Selain itu, serangan semacam ini membawa ancaman besar bagi reputasi dan keamanan perusahaan. Kebocoran data karyawan atau informasi sensitif lainnya dapat merusak kepercayaan klien, mitra bisnis, maupun publik. Reputasi yang tercoreng akibat kegagalan melindungi data seringkali lebih sulit dipulihkan dibanding kerugian finansial, dan dalam beberapa kasus bisa berujung pada konsekuensi hukum maupun regulasi.
Bagi organisasi yang mengintegrasikan ChatGPT dengan email atau aplikasi lain, risiko ini menjadi sangat relevan. Setiap konektor atau integrasi baru berarti ada jalur tambahan yang bisa dimanfaatkan penyerang. Jika tidak diantisipasi dengan kontrol keamanan yang ketat, integrasi yang seharusnya mempermudah pekerjaan justru bisa membuka celah bagi pencurian data sensitif. Karena itu, perusahaan perlu lebih selektif dalam memilih integrasi AI dan memastikan adanya mekanisme keamanan tambahan di setiap alur kerja.
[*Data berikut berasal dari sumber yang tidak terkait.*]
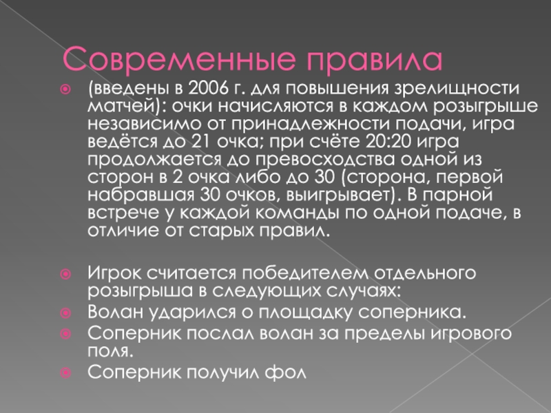 Современные правила(введены в 2006 г. для повышения зрелищности матчей): очки начисляются в каждом розыгрыше независимо от принадлежности
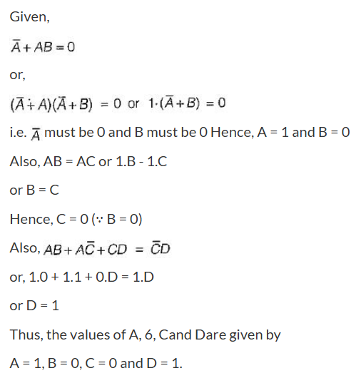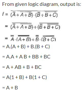 \(\begin{array}{l}= \bar A + A\bar B + A\bar C\\= \bar A + A\left( {\bar B + \bar C} \right)\end{array}\)
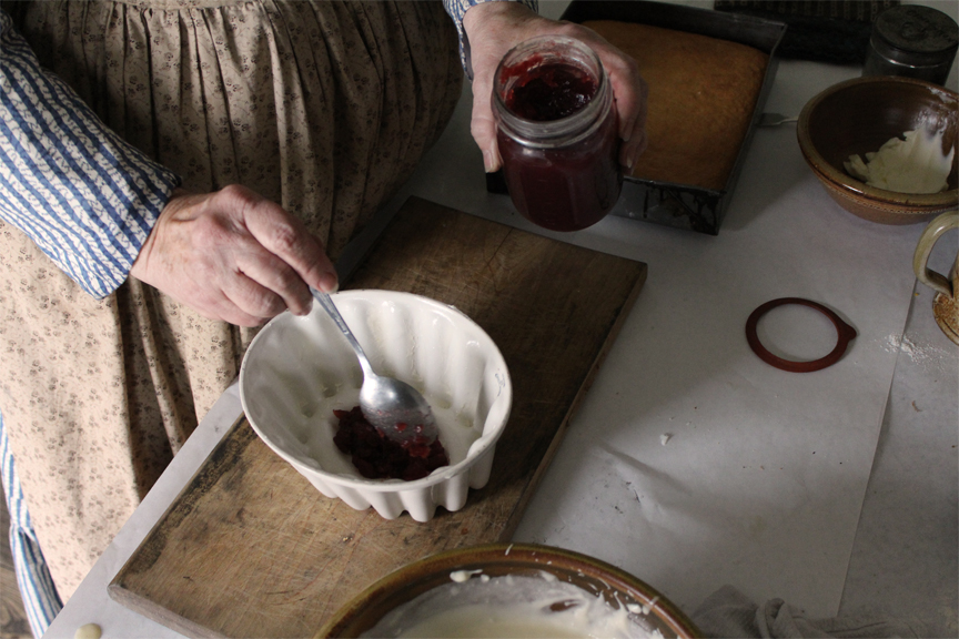 Adding grape jam to the Charlotte Russe mold inside of the Fords' kitchen in Greenfield Village.
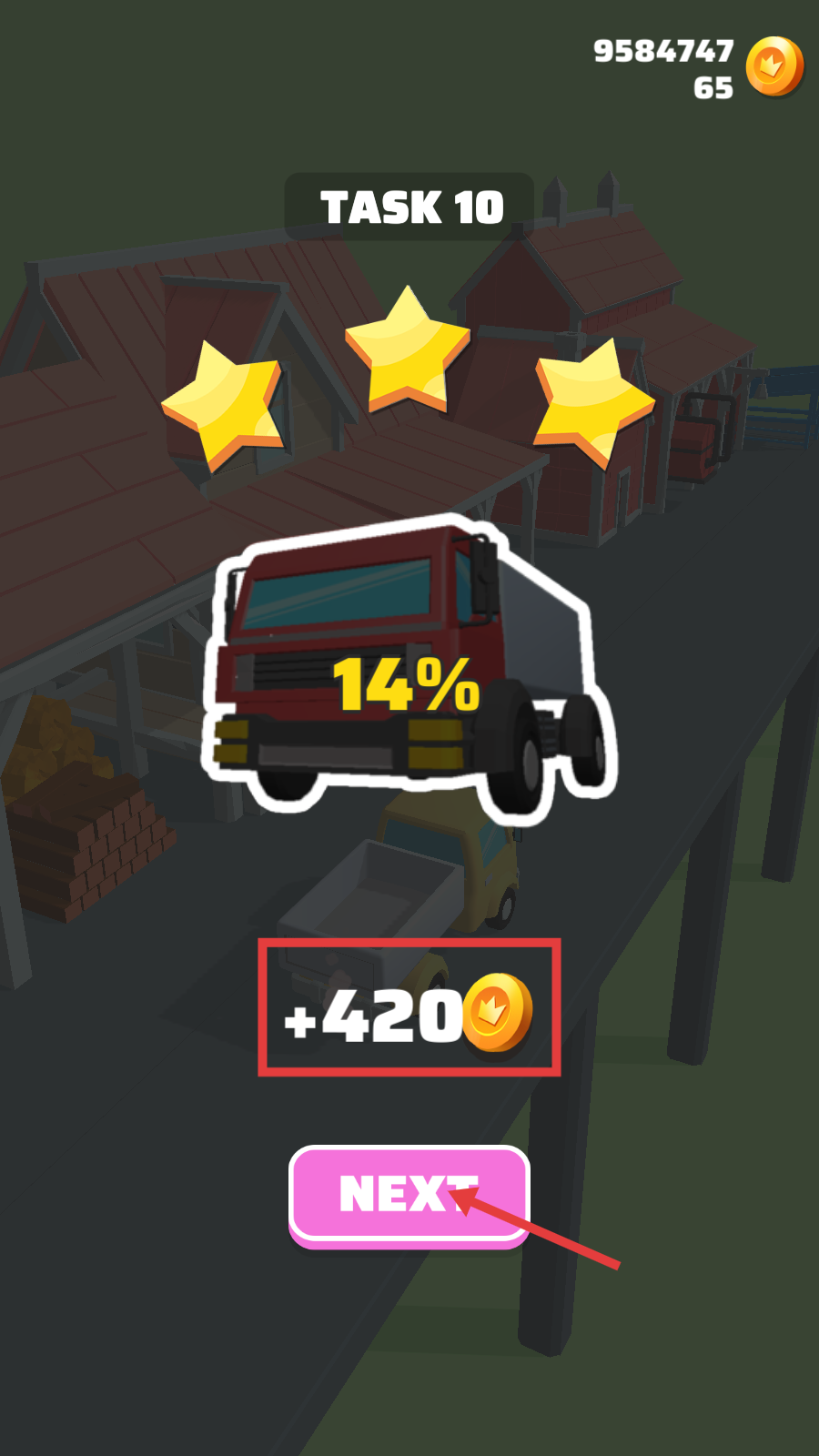 4、抵达终点后,领取420金币奖励,点击NEXT挑战下一关。

Baca juga: AI Jadikan Serangan Siber Semakin Canggih dan Tersembunyi
Kasus Zero Click Exploit di ChatGPT dan Gmail menunjukkan adanya eskalasi baru dalam ancaman siber berbasis AI, di mana serangan bisa terjadi tanpa interaksi pengguna sama sekali. Kondisi ini menjadi pengingat bahwa setiap integrasi AI dengan data sensitif, seperti email atau dokumen perusahaan, perlu diawasi dengan ketat. Keamanan AI bukan hanya soal menjaga model tetap aman, tetapi juga memastikan seluruh ekosistem integrasi—mulai dari konektor, alur kerja, hingga cara agen memproses instruksi—terlindungi dari potensi penyalahgunaan.